Exact copy, no pictures: reproduce the lines from the one that holds "The knife edge was" through the end of the entries.

Stored dataset items:
++++++++++++++++++++
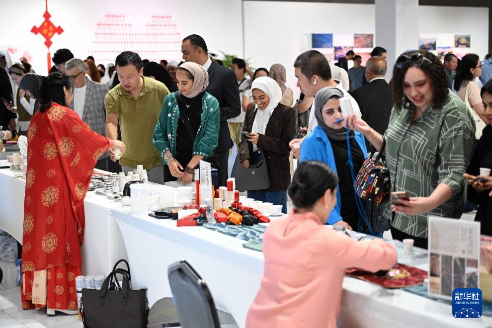 9月3日,人们在科威特艾哈迈迪省举行的“天涯共此时·湘约中东”文艺演出活动前参观中国茶艺文化展台。新华社发(阿萨德摄)
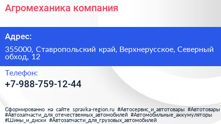 Агромеханика, компания по адресу 355000, Ставропольский край, Верхнерусское, Северный обход, 12 в дальнейшем Организация, размещена в следующих категориях:
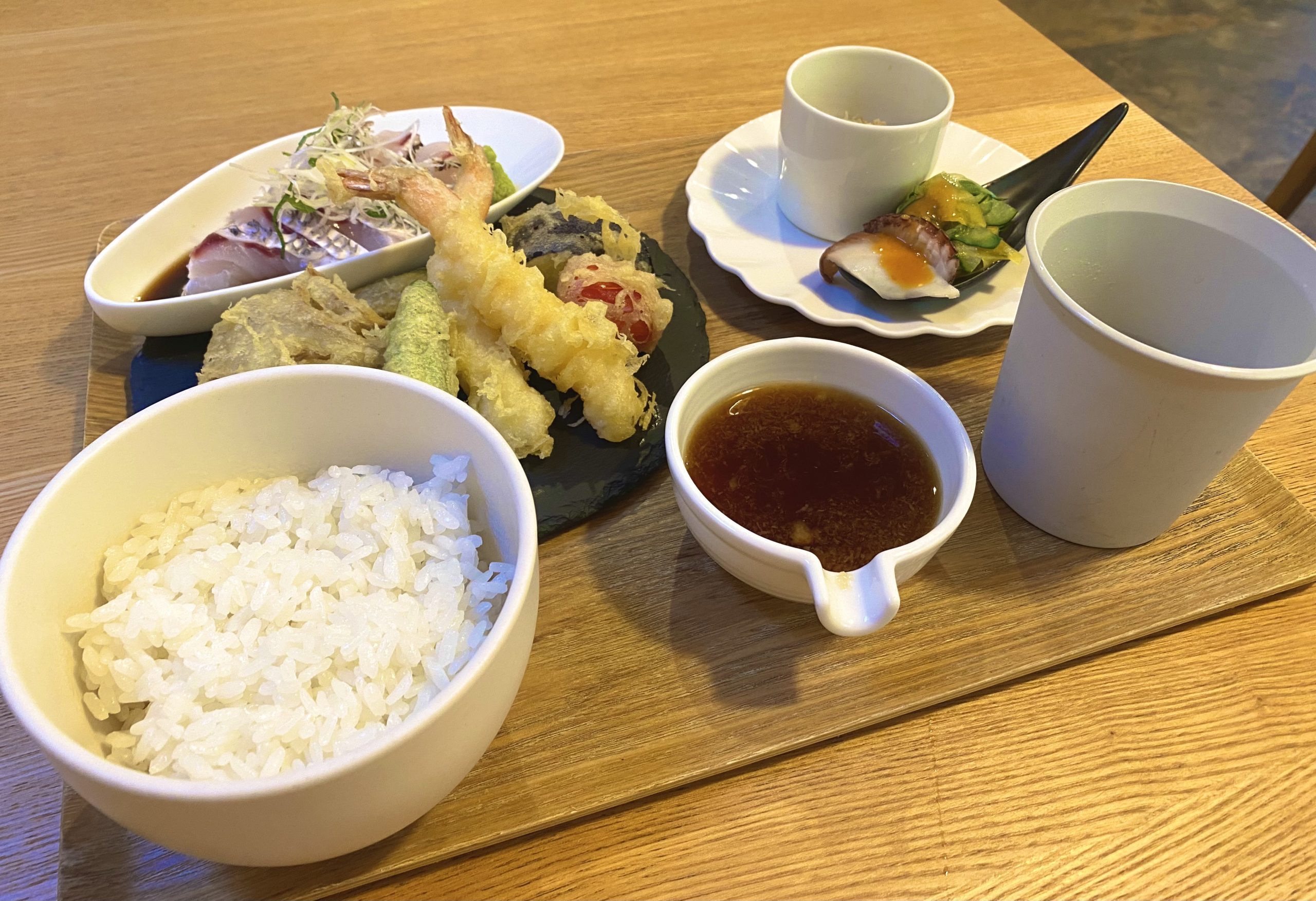 ▲天ぷらと刺身(鯛)。 天ぷらでかーっ!これひとつでも定食になるような豪華さ。
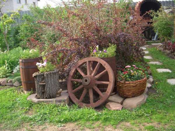 Распространённые атрибуты кантри-стилистики – телеги, повозки и тачки. Прямо в них высаживают цветы; колёса и дышла водружают посредине клумб, делая их центром композиций.
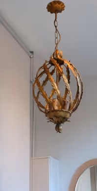 A gilt metal pendant light in the shape of a cage covered in foliage. Rewired and PAT-certified
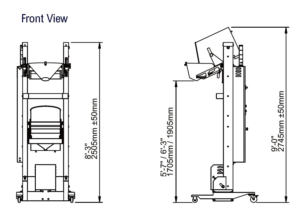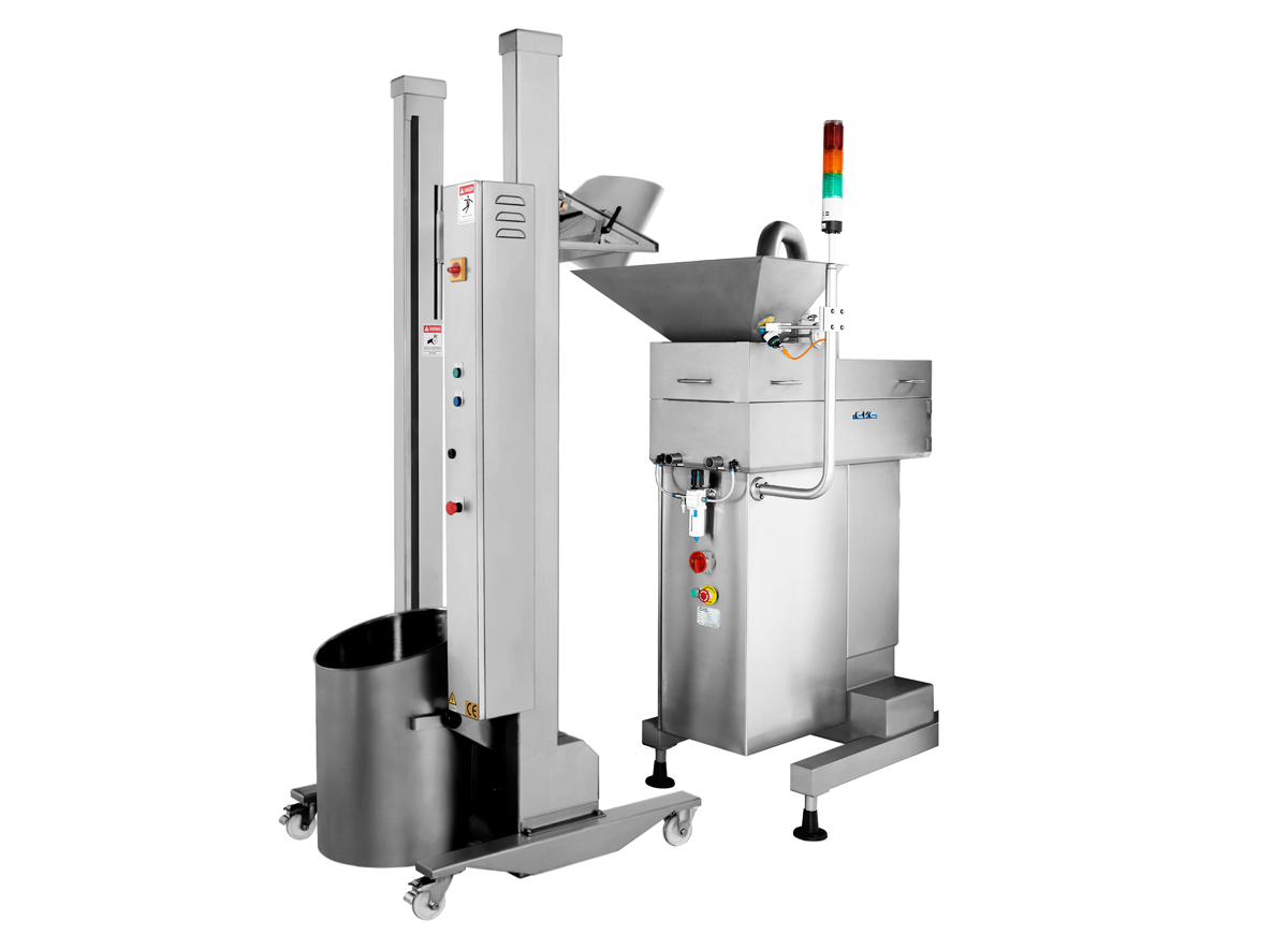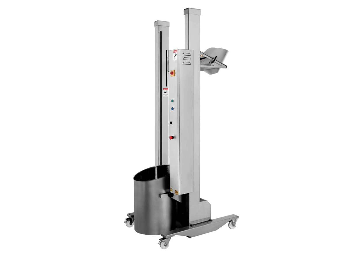 Height adjustment is electrically controlled with auto lock; hopper is hooked when power cuts.
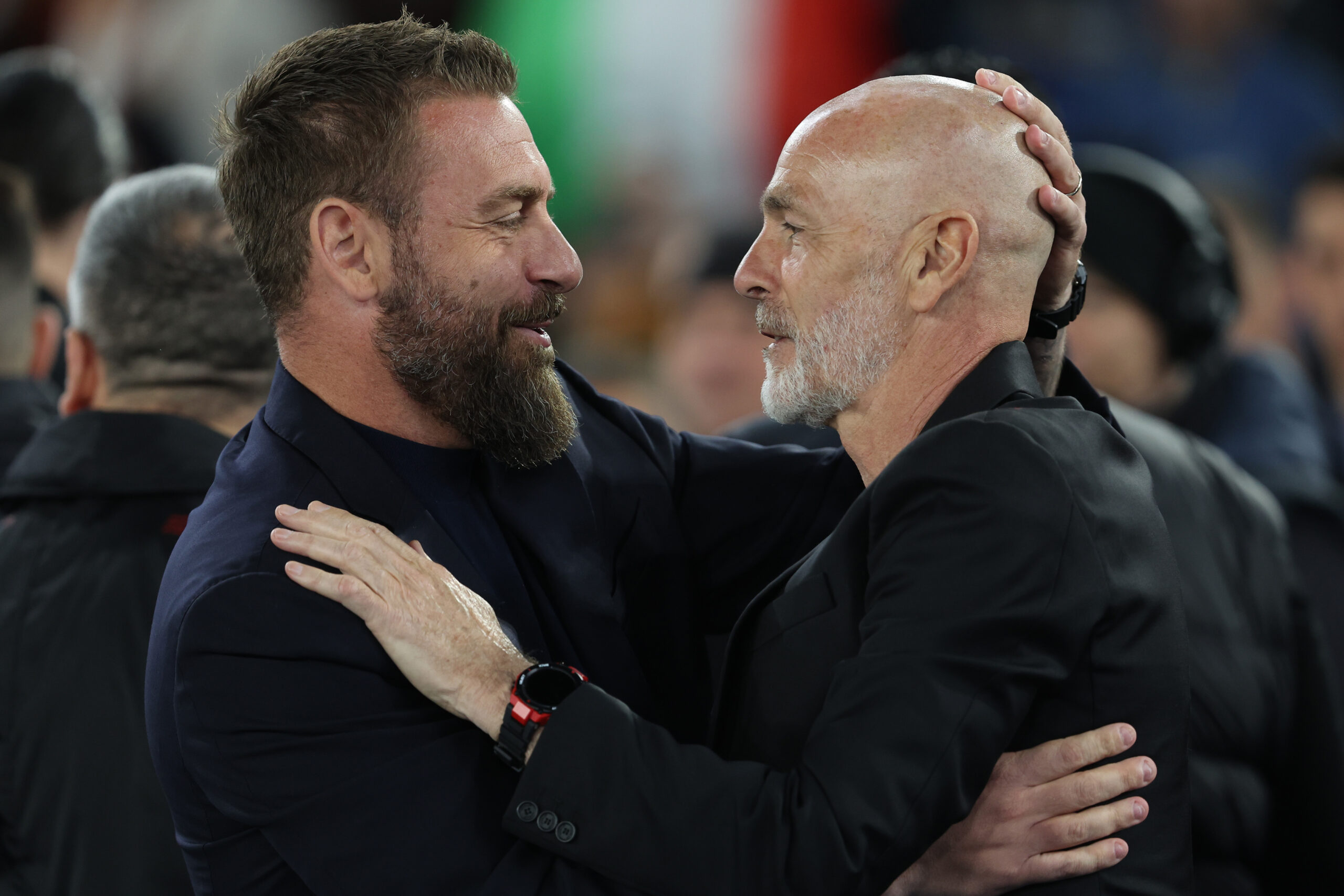 Rome, Italy 18.04.2024: Stefano Pioli coach Milan greet Daniele De Rossi coach of Roma before the UEFA Europa League 2023-2024, quarter final , football match between AS Roma vs AC Milan at Olympic Stadium in Rome. (Photo by Marco Iacobucci/IPA Sport / ipa-/IPA/Sipa USA)
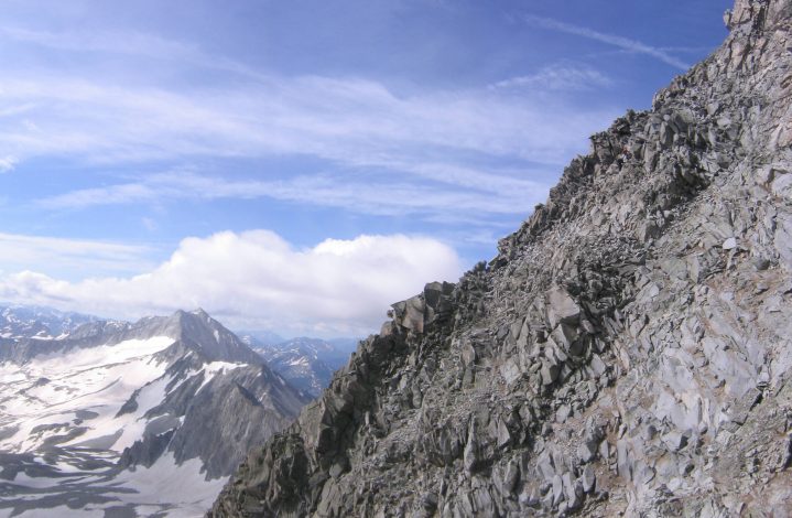The knife edge was thrilling, but not that technically tough. Some people use ropes to cross it, and it takes them 30 minutes. Someone said that if you don't feel confident to do it without ropes, then you shouldn't be doing it at all, and I agree. As long as you don't let the sheer steep walls on each side get to you, it's pretty straight forward. Everyone says that if you were to fall off the knife edge, it would lead to a certain and definitive death. It is a steep surface, and if you lose ALL your holds, then gravity is gonna make it near impossible to give you enough friction to stop you from tumbling down several hundred feet of rock. However I never felt at all uncomfortable, and couldn't feel any scenario that would lead to that end. However, if the weather was wet, icy, or stormy, this would be the last place I'd want to be.
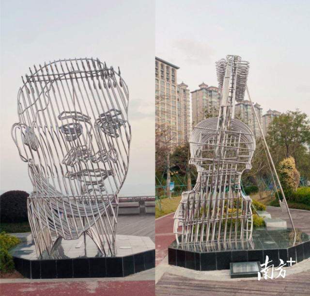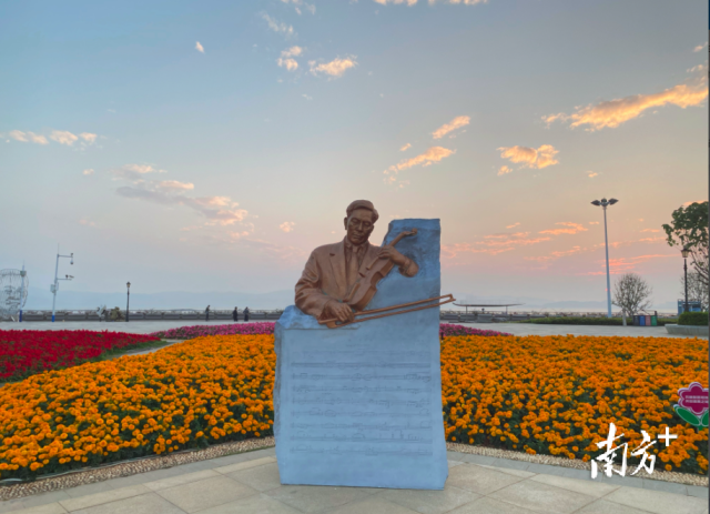 漫步在汕尾市城区善美广场,一座名为《马思聪——思乡曲》的雕塑作品引人驻足,从正面看是马思聪人像,从侧面看则是一把小提琴。
++++++++++++++++++++
- _Completed exercise_
The knife edge was thrilling, but not that technically tough. Some people use ropes to cross it, and it takes them 30 minutes. Someone said that if you don't feel confident to do it without ropes, then you shouldn't be doing it at all, and I agree. As long as you don't let the sheer steep walls on each side get to you, it's pretty straight forward. Everyone says that if you were to fall off the knife edge, it would lead to a certain and definitive death. It is a steep surface, and if you lose ALL your holds, then gravity is gonna make it near impossible to give you enough friction to stop you from tumbling down several hundred feet of rock. However I never felt at all uncomfortable, and couldn't feel any scenario that would lead to that end. However, if the weather was wet, icy, or stormy, this would be the last place I'd want to be.
 漫步在汕尾市城区善美广场,一座名为《马思聪——思乡曲》的雕塑作品引人驻足,从正面看是马思聪人像,从侧面看则是一把小提琴。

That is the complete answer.